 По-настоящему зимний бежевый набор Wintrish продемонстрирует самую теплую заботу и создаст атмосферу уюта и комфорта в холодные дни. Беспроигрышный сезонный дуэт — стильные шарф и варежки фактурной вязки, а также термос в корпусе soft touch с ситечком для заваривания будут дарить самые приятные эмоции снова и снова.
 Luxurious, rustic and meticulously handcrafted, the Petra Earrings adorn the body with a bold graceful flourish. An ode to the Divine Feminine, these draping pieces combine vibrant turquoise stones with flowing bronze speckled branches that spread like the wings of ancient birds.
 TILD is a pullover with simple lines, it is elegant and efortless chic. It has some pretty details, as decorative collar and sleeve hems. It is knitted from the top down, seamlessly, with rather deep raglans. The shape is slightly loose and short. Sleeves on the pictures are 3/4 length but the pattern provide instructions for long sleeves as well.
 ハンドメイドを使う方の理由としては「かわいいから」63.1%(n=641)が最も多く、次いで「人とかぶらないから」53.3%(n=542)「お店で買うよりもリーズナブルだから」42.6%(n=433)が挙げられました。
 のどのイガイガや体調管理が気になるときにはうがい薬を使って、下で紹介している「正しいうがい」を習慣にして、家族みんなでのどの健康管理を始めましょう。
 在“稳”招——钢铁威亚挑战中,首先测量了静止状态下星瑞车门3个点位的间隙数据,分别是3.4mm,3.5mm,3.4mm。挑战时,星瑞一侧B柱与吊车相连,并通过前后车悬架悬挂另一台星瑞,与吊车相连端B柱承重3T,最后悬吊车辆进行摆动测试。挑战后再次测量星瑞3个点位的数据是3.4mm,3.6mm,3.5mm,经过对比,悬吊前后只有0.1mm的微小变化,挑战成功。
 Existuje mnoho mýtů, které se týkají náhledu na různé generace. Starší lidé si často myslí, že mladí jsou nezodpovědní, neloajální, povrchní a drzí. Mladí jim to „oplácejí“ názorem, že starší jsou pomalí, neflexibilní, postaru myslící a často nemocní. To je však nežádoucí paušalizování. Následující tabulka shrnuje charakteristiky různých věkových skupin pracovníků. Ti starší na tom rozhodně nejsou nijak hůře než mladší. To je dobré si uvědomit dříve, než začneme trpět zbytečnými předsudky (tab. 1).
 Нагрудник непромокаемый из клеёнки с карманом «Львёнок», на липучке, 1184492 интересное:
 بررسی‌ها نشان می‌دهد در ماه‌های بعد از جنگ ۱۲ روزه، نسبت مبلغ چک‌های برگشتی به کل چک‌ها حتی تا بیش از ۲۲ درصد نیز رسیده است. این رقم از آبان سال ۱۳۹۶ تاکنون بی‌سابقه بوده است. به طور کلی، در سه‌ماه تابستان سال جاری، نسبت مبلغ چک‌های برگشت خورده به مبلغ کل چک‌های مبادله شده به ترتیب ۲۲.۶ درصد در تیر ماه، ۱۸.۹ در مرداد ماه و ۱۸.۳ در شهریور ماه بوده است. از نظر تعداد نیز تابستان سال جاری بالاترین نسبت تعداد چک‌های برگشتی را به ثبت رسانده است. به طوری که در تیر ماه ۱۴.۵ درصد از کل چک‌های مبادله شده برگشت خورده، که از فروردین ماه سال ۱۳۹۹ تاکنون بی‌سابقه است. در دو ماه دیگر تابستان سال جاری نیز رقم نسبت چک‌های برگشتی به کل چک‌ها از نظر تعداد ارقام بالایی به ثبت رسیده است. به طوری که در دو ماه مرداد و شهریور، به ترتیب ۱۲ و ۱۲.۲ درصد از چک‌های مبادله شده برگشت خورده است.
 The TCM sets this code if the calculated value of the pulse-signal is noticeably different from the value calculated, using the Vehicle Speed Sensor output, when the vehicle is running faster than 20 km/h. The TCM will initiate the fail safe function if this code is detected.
...
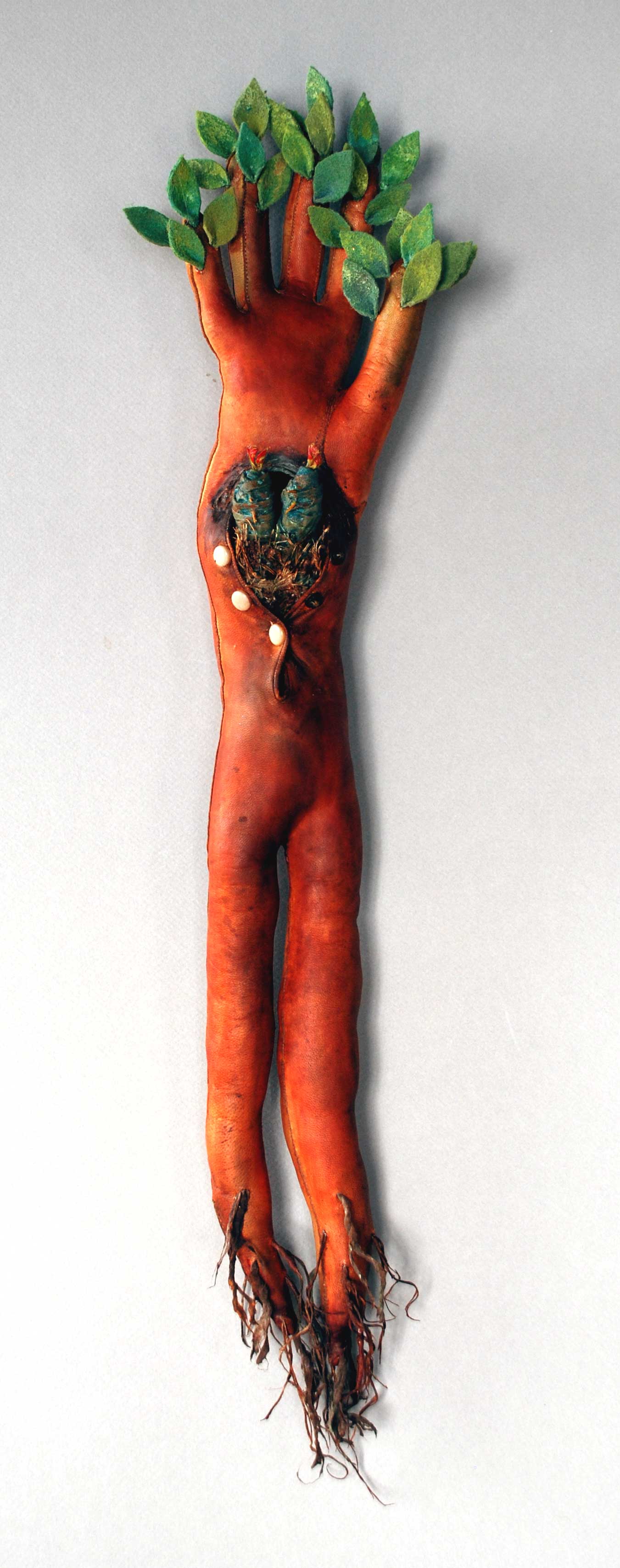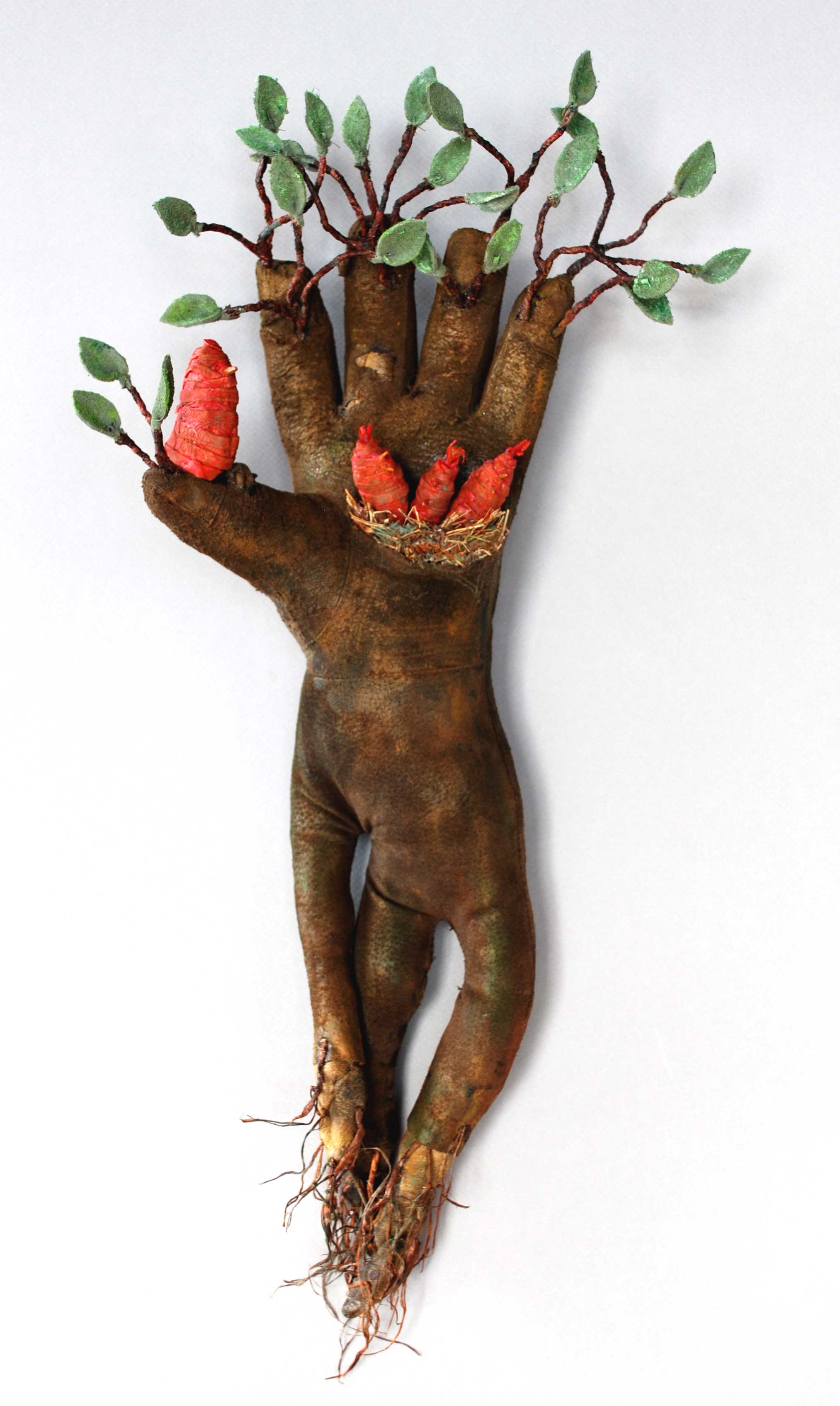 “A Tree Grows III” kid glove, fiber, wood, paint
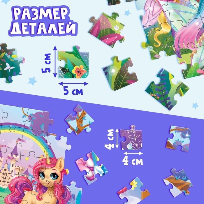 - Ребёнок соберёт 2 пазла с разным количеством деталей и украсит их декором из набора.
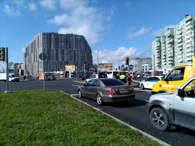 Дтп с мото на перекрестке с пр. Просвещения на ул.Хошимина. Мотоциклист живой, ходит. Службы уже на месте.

(Problem statement):
Reproduce the data above exactly, but only the lines from the one showing "fiber, wood, paint" through the one showing "Дтп с мото на", with both ends kept and the pictures left out.

(Solution for this problem):
 “A Tree Grows III” kid glove, fiber, wood, paint
 - Ребёнок соберёт 2 пазла с разным количеством деталей и украсит их декором из набора.
 Дтп с мото на перекрестке с пр. Просвещения на ул.Хошимина. Мотоциклист живой, ходит. Службы уже на месте.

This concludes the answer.